You can specify the following:

  • The number of buckets. Together they form a bucket chain.
  • Bucket size. This is the amount of shared memory allocated for buckets. Memory is divided equally among buckets.
  • Bucket lifetime.

When a bucket lifetime expires, pg_stat_monitor resets all statistics and writes the data in the next bucket in the chain. When the last bucket’s lifetime expires, pg_stat_monitor returns to the first bucket.


The contents of the bucket will be overwritten. In order not to lose the data, make sure to read the bucket before pg_stat_monitor starts writing new data to it.


pg_stat_monitor view

The pg_stat_monitor view contains all the statistics collected and aggregated by the extension. This view contains one row for each distinct combination of metrics and whether it is a top-level statement or not (up to the maximum number of distinct statements that the module can track). For details about available metrics, refer to the pg_stat_monitor view reference .

The following are the primary keys for pg_stat_monitor:

  • bucket
  • userid
  • datname
  • queryid
  • client_ip
  • planid
  • application_name

A new row is created for each key in the pg_stat_monitor view.

For security reasons, only superusers and members of the pg_read_all_stats role are allowed to see the SQL text, client_ip and queryid of queries executed by other users. Other users can see the statistics, however, if the view has been installed in their database.

pg_stat_monitor_settings view (dropped)

Starting with version 2.0.0, the pg_stat_monitor_settings view is deprecated and removed. All pg_stat_monitor configuration parameters are now available though the pg_settings view using the following query:

SELECT name, setting, unit, context, vartype, source, min_val, max_val, enumvals, boot_val, reset_val, pending_restart FROM pg_settings WHERE name LIKE '%pg_stat_monitor%';

For backward compatibility, you can create the pg_stat_monitor_settings view using the following SQL statement:

CREATE VIEW pg_stat_monitor_settings



FROM pg_settings

WHERE name like 'pg_stat_monitor.%';

In pg_stat_monitor version 1.1.1 and earlier, the pg_stat_monitor_settings view shows one row per pg_stat_monitor configuration parameter. It displays configuration parameter name, value, default value, description, minimum and maximum values, and whether a restart is required for a change in value to be effective.

To learn more, see the Changing the configuration section.

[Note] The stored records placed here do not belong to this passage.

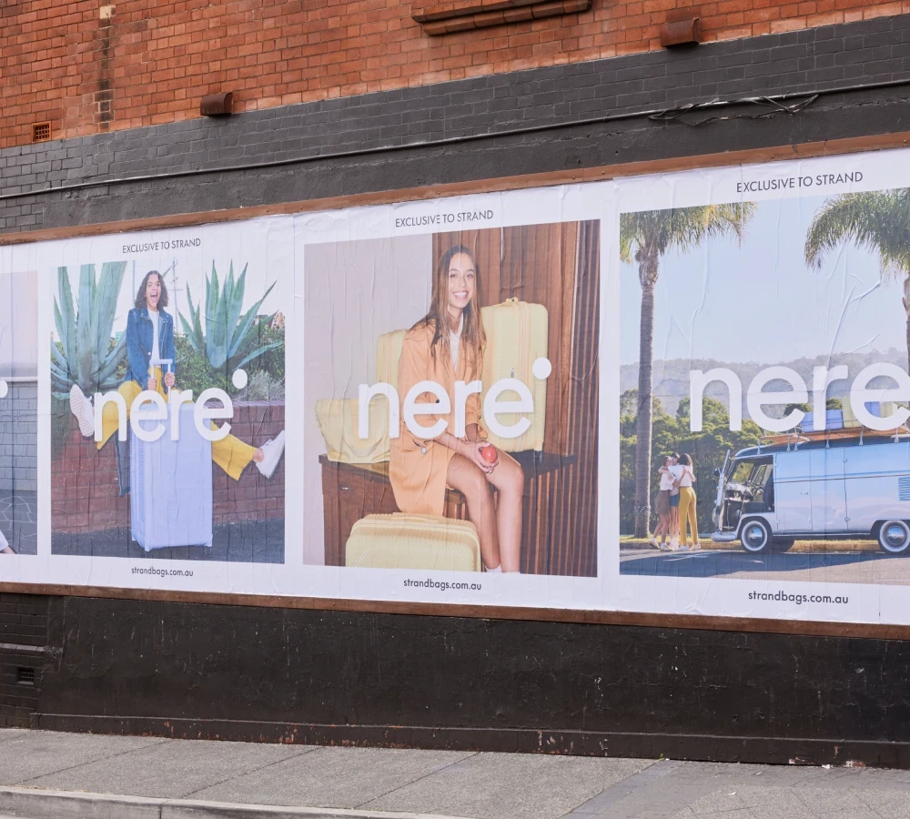 Outcome — A cohesive video and OOH campaign rooted in 90s nostalgia and pastel aesthetics that drove awareness for the Bondi collection and strengthened Nere's brand identity in the travel accessories market.
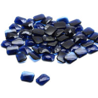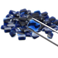 Facettierter Cabochon Schmuckstein aus saphirblauem Glas in achteckiger Form. Perfekt zur Anfertigung von Modeschmuck, Accessoires und stilvollen Veredelungen. Entgegen einem natürlichen, echten Saphir Edelstein, sind die Farb-Eigenschaften, sowie die Lichtdurchlässigkeit, bei einem Glas Schmuckstein nahezu immer identisch. Die Abmessung beträgt ca. 12 x 16 mm, bei einer durchschnittlichen Dicke von ca. 4 mm und einem Gewicht von ca. 1,1 – 1,2 Gramm, welches bei einem natürlichen Pendant ca. 5,8 – 6,0 Carat entsprechen würde.
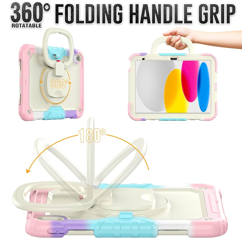 Incluye un soporte trasero ajustable que permite colocar el iPad en distintas posiciones para ver videos, estudiar o jugar cómodamente. Además, cuenta con un asa giratoria de 360°, perfecta para transportarlo fácilmente y para usarlo como soporte en orientación horizontal o vertical.
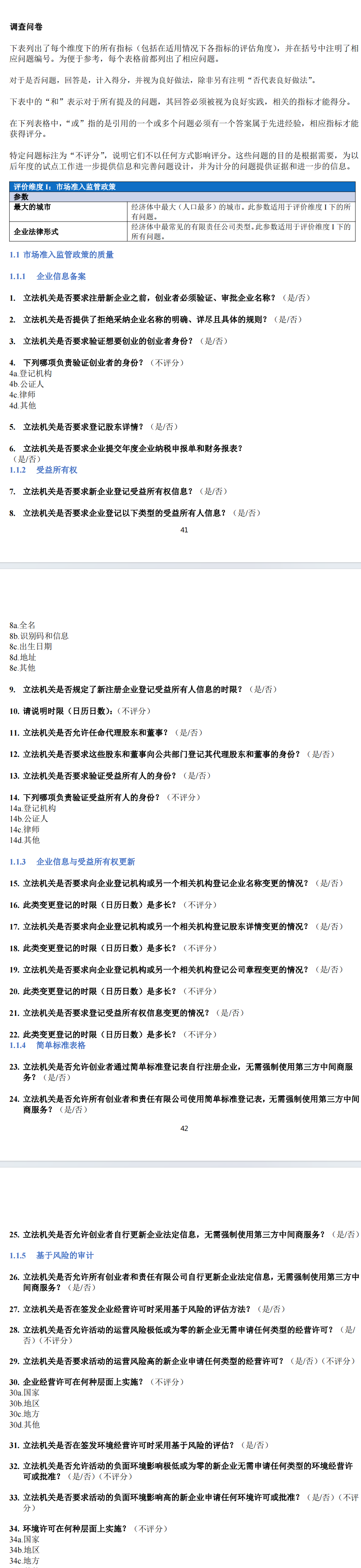 2023年末,世界銀行公布B-READY方法論英文版,本文是其中市場準入部分的調(diào)查問卷中文翻譯版,其他指標問卷將繼續(xù)推出,可關注本公眾號,第一時間接收相關推送文章。

This section describes how to install pg_stat_monitor from Percona repositories. To learn about other installation methods, see the Installation section in the pg_stat_monitor documentation.


To install pg_stat_monitor from Percona repositories, you need to subscribe to them. To do this, you must have the percona-release repository management tool up and running.

To install pg_stat_monitor, run the following commands:

  1. Enable the repository

    $ sudo percona-release setup ppg15
  2. Install the package:

    $ sudo apt-get install percona-pg-stat-monitor15
  1. Enable the repository

    $ sudo percona-release setup ppg15
  2. Install the package:

    $ sudo yum install percona-pg-stat-monitor15


pg_stat_monitor requires additional setup in order to use it with PostgreSQL. The setup steps are the following:

  1. Add pg_stat_monitor in the shared_preload_libraries configuration parameter.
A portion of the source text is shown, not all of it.